A South African university is ending a research collaboration with an Israeli university, a step hailed as a "boycott" by proponents of an international academic campaign to shun Israeli researchers.
On 23 March, the faculty senate of the University of Johannesburg in South Africa voted to terminate a collaborative agreement on water pollution studies with its 25-year research partner, the Ben Gurion University (BGU) of the Negev in Israel. The administration has agreed to honor the decision by 60% of voting faculty members as of 1 April--making this campaign the first of its kind to succeed.
A campaign petition  explains that the vote to break with BGU was taken because of its "complicity in Israeli apartheid"—its failure to involve Palestinians in research projects—and "its direct and deliberate collaboration with the Israeli Defense Force," among other things. Pro-boycott activists were angered that BGU gives scholarships to military personnel, for example. About 400 South African academics endorsed the petition, as did Archbishop Desmond Tutu, a celebrated Christian cleric. The Congress of South African Trade Unions praised the "watershed moment," calling it the "first South African institutional boycott of an Israeli institution ," reports University World News.
The Jerusalem Post reported  that BGU issued a statement before the vote, calling the petition "a collection of lies and mistruths about BGU and the State of Israel," adding that "it would be unfortunate to cancel a research agreement that is meant solely to improve the quality of life for the residents of South Africa."
Some sought to downplay the vote's significance.
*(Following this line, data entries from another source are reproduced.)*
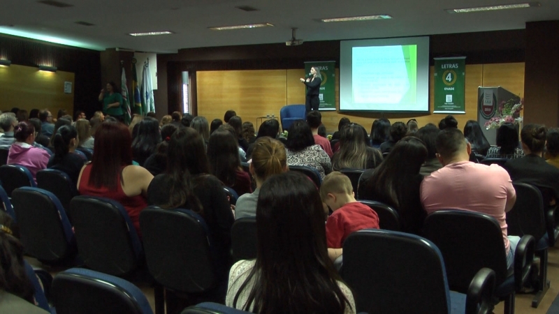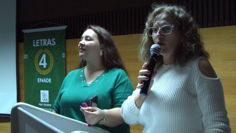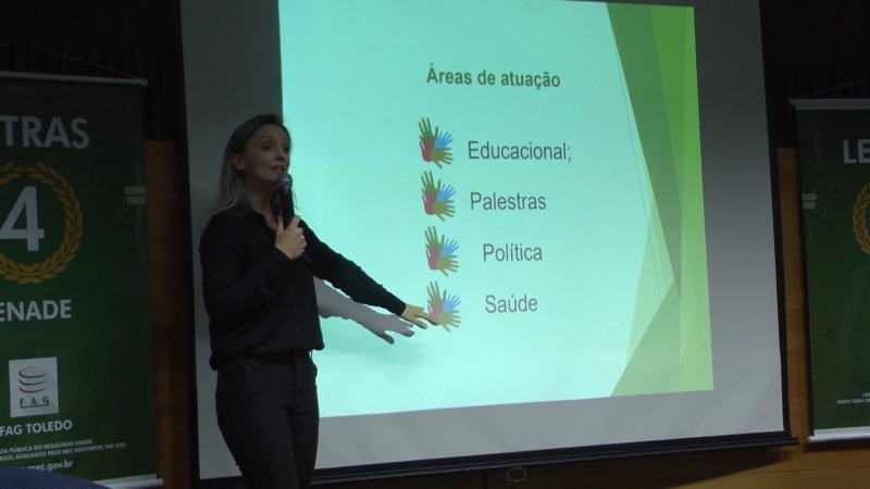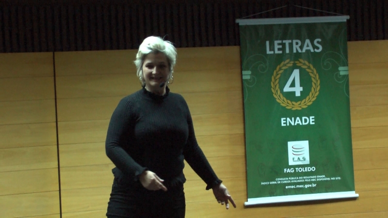 O curso de Letras Língua Portuguesa e LIBRAS da FAG Toledo abriu na noite desta quarta-feira (21) a 8ª Jornada Acadêmica de Letras e LIBRAS no auditório da instituição. O Evento contou com a participação da contadora de histórias Magda Ritter. "Trabalhei algumas técnicas de contação de história, com foco em uma história de uma criança com deficiência auditiva. É uma forma de conscientizar sobre a importância da inclusão e como este processo de contar histórias pode ser importante e contribuir com isto", relata. As professoras Débora Michela Prediger e Denise Franciele Dumke falaram sobre ?A profissão de TILs". "É uma área com muitas possibilidades de atuação, eu trabalho os três períodos e sei que existe muito campo para ser explorado, sem falar da satisfação em trabalhar com um processo que integra as pessoas, diminui as distancias na comunicação", relata Denise. Na sequência a professora Gisele Minizzo trabalhou com o tema "A atuação do professor de Libras". "É uma profissão em ascensão porque não está mais apenas no âmbito escolar. As empresas, a sociedade está mais preocupada e interessada em incluir o surdo e consequentemente o profissional que atua com a Libras está presente neste contexto", analisa. Para a coordenadora do curso de Língua Portuguesa e Libras da FAG Toledo, Janice Salvador, o curso tem promovido importantes conquistas para os profissionais que passaram pela universidade e também para os acadêmicos em formação. "É o único curso presencial da Região e sempre buscamos trabalhar de forma muito ampla a formação, para que este aluno saia qualificado para fazer a diferença", comenta. Nesta quinta-feira estão previstas as oficinas pedagógicas com várias temáticas: Práticas para a Educação Inclusiva; Letra e Música, um acorde que pode dar certo; O uso da tecnologia no processo de ensino e Estratégias voltadas ao ensino de LIBRAS. No dia 23, além de apresentações culturais, a jornada encerrará com a palestra "A formação do profissional egresso do curso de Letras Língua Portuguesa e LIBRAS e Estratégias Metodológicas de Libras com L2".
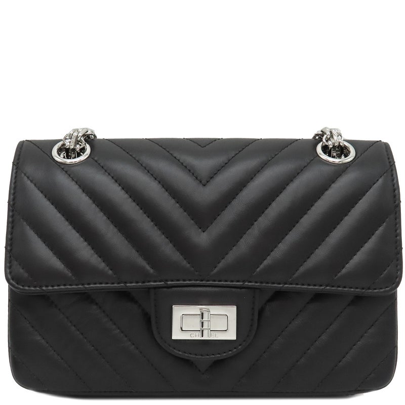 シャネル CHANEL ショルダーバッグ シェブロン 2.55 20 レザー ブラック シルバー金具 黒 Wチェーン Vステッチ ランダムシリアル 【箱】 【中古】
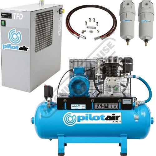 PILOT AIR COMPRESSORS K25/21 Industrial Pilot Air Compressor & TFD-6 Refrigerated Air Dryer Package Deal 150 Litre / 5.5hp 20.5cfm / 581lpm Piston Displacement
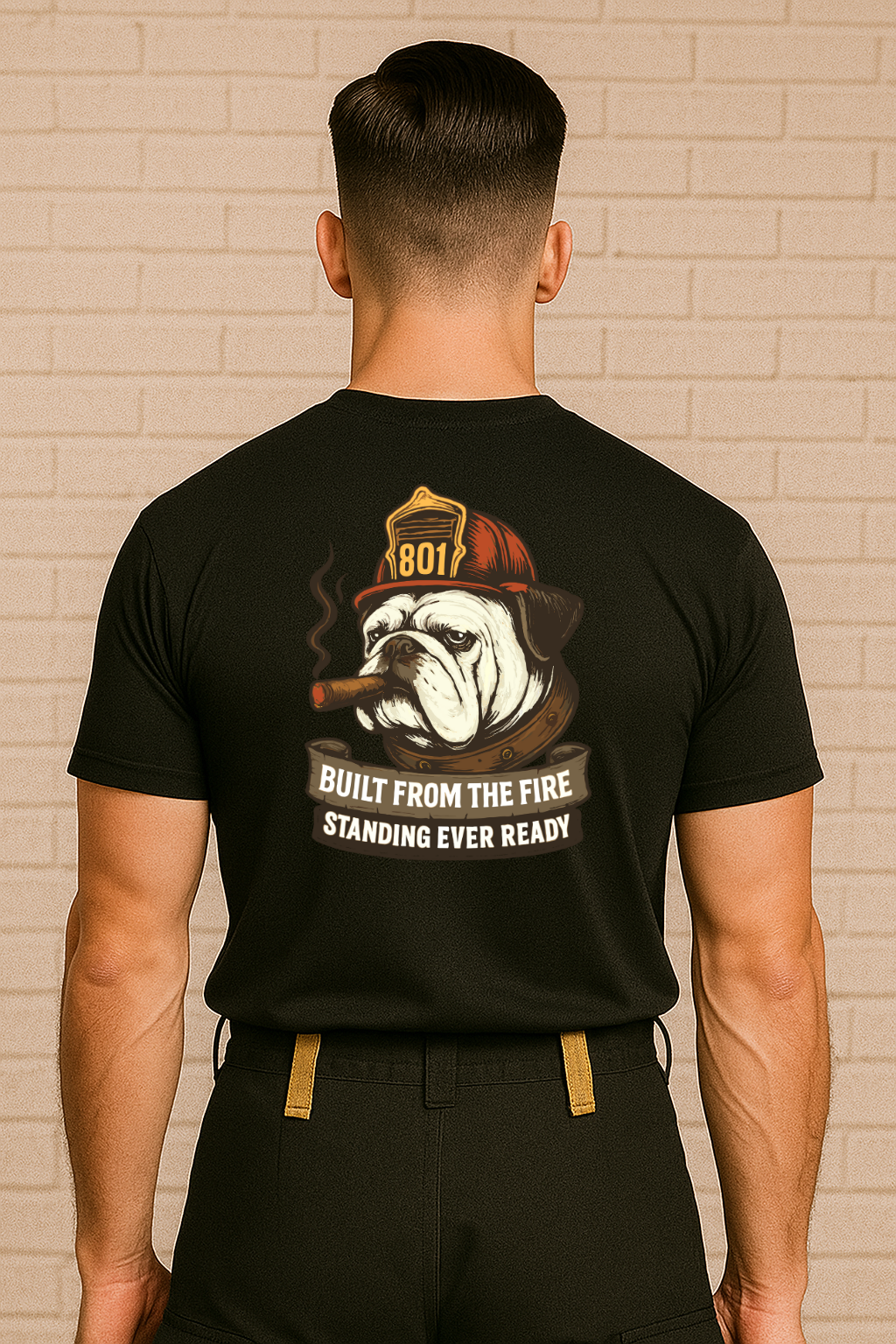 Text “Built from the fire  Standing ever ready”
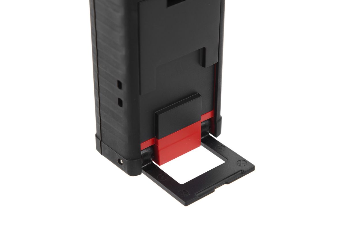 Может измерять расстояния на краю и из угла с помощью выдвижной скобы;
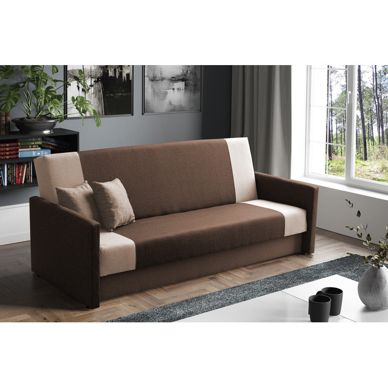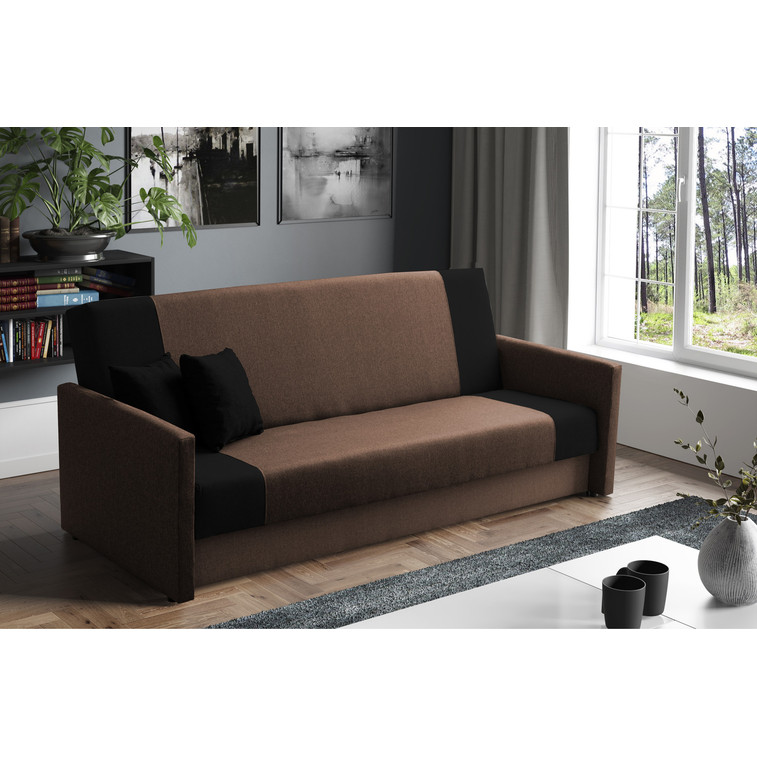 Rozkladacia pohovka 126 AMELIA. Pevná konštrukcia z dreva a OSB dosky. Poťah z kvalitnej látky Riviera v mnoho moderných farebných odtieňoch. Jednoduché rozkladanie pohovky na lôžkovú podobu. Moderný dizajn vhodný do všetkých súčasných interiérov.
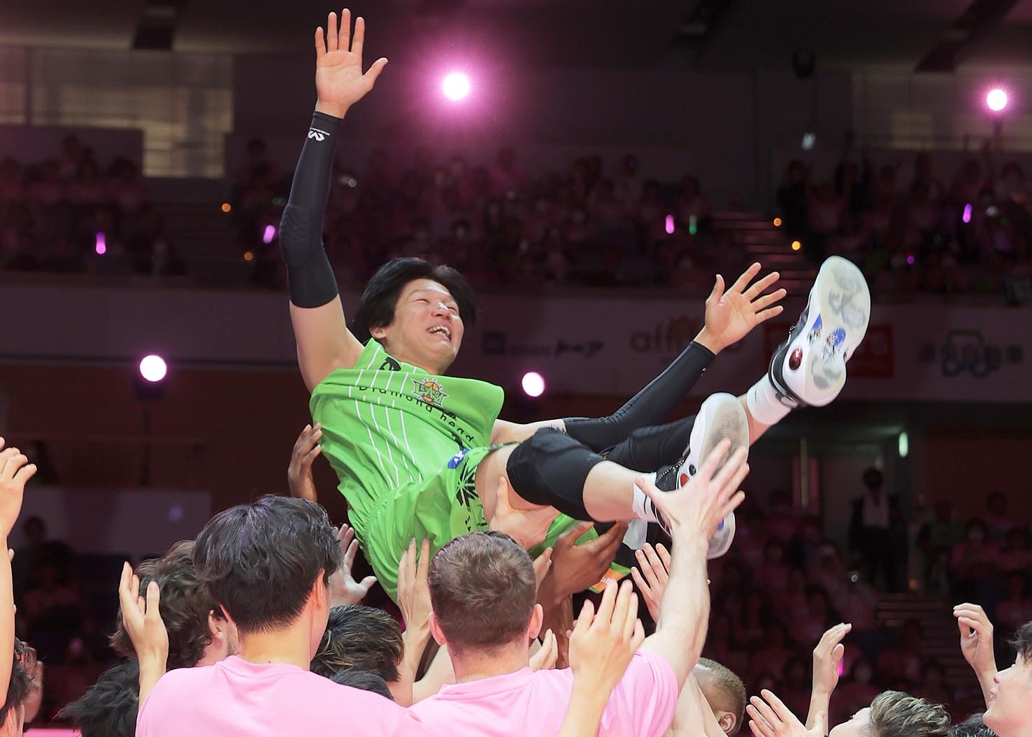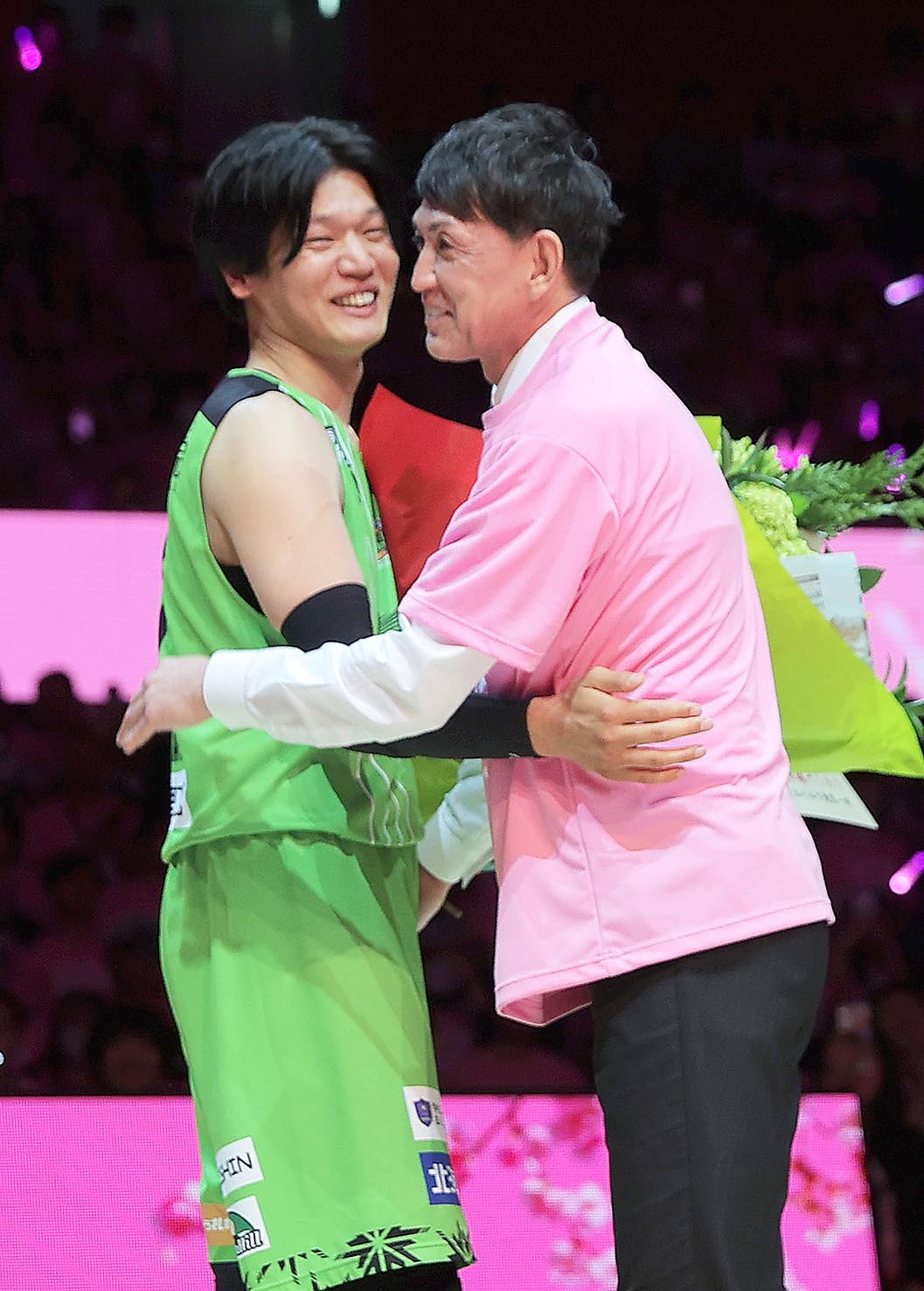 セレモニーで花束を渡した折茂武彦代表(53)は「良太、ほんとに17年間お疲れ様でした。17年前に良太と一緒に北海道に来て、チームの消滅だったり、チームの勝てない時期が続いたり、環境が悪かったり、クラブがまた厳しい状況になったり。苦しくて辛かったかもしれないですけど、本当にチームをけん引してくれたと思います。本当に良太には感謝してます」と、二人三脚で築き上げてきたチーム黎明期を振り返った。折茂代表が花束を渡すと、握手に照れる折茂代表をA東京の橋本竜馬に背中を押され、握手を交わしハグした。そしてセレモニーの最後には、両チームのメンバーから背番号にちなみ11回宙を舞い「バスケット選手として幸せでした」と感謝した。

University of Johannesburg Vice Chancellor and Principal Ihron Rensburg issued a statement  yesterday saying the vote was not a boycott but simply recognized that the research agreement had become "an insurmountable obstacle to either institution [BGU and Johannesburg] facilitating a wider dialogue between Israeli and Palestinian academics." Rensburg said "peer-to-peer" academic partnerships between Johannesburg and BGU staff should continue, and Johannesburg "stands ready ... to support these relationships."